ML for the Working Programmer, 2nd Edition
Answers to Exercises for Chapter 8

8.1. False. Different reference cells can contain the same value. Try evaluating ref(0)=ref(0) at top level.

8.2. It is essential to use a curried function:

fun +:= r = let val v0 = ! r in fn v => r:= v0 + v end;

8.3. ML complains that :=! and *! are not declared as identifiers. Remember that symbolic identifiers must be separated by white space or other symbols.

Another common error is to omit the parentheses, for example in ~(!p). Then ML regards ! as the function's argument.

8.4. According to the Definition of Standard ML, (E1;E2;...;En) translates to

case E1 of _ => case E2 of _ => ... case E(n-1) of _ => En.

Also while E1 do E2 goes to

    let fun newVar() = if E1 then (E2; newVar()) else ()
    in  newVar()  end;

where newVar is a new variable.

8.5. This solution uses a while loop. The condition updates the loop variable, so the loop body is empty.

fun sqroot a = 
  let val xp  = ref 1.0
      and acc = 1.0E~10
  in  while let val x = !xp
            in  xp := (a/x + x) / 2.0;  
              		abs (x - !xp) >= acc*x
       	    end
      do  ();
      !xp
  end;

8.6. This solution uses a function to swap the contents of two references; a simultaneous assignment operator could be used instead.

fun exchange(xp,yp) =
  let val x = !xp and y = !yp 
  in  xp:=y; yp:=x  end;

fun fib 0 = 0
  | fib n =
      let val xp = ref 0
          and yp = ref 1
          and kp = ref 1
      in  while !kp<n  
          do  (xp := !yp + !xp;  exchange(xp,yp);  kp := !kp+1);
          !yp
  end;

8.7. The library function ListPair.app applies a function to the element of a list, for the side effects.
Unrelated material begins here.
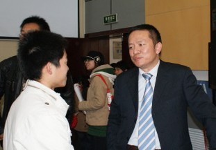 窦大海首先介绍了自己的创业动机并围绕“食为天,菜品鉴人品;人为本,低价赢评价”详细介绍了自己公司的经营情况,赢得了在场同学的共鸣。然后从自己参加“赢在中国”大赛并获得亚军的亲身经历谈起,对大学生创业要注意的问题和具备的素质作了详细解说,使同学们对创业有了进一步的了解。窦大海提醒同学们最关键的是了解自我,给自己一个很清晰的定位,并语重心长地告诫同学们创业需要终身学习,一定要好好珍惜大学时光,做到厚积薄发。
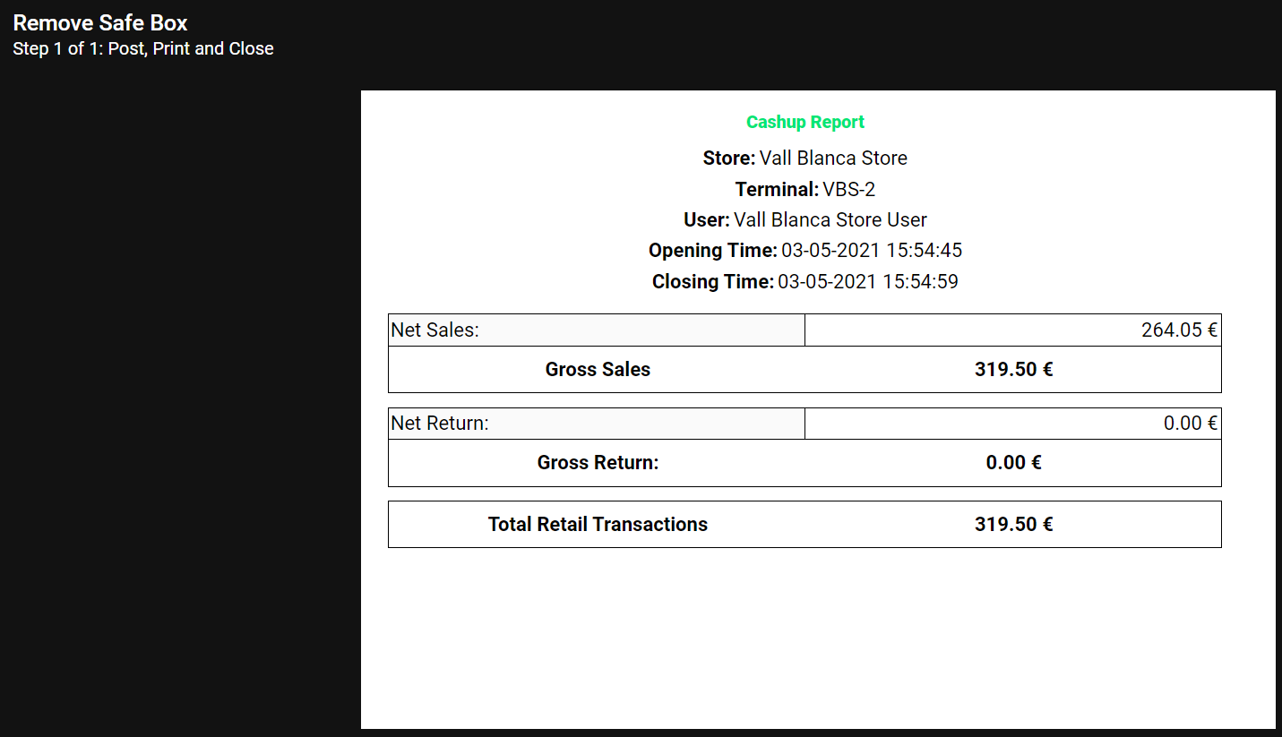| Summary | 0046468: JIRA 1803 - Cash up - Safe Boxes : changes needed on the cashup report | |||||||

fun simasgt (ps, xs) = ListPair.app (op:=) (ps,xs);

8.8. WI is an identity function and can be used precisely as if it were declared by

fun WI x = x;

It counts as polymorphic because fun abbreviates a use of val with fn notation, which is a syntactic value.

8.9.

8.10. Here's one solution. In merge, take case not to call tl outside of a delay.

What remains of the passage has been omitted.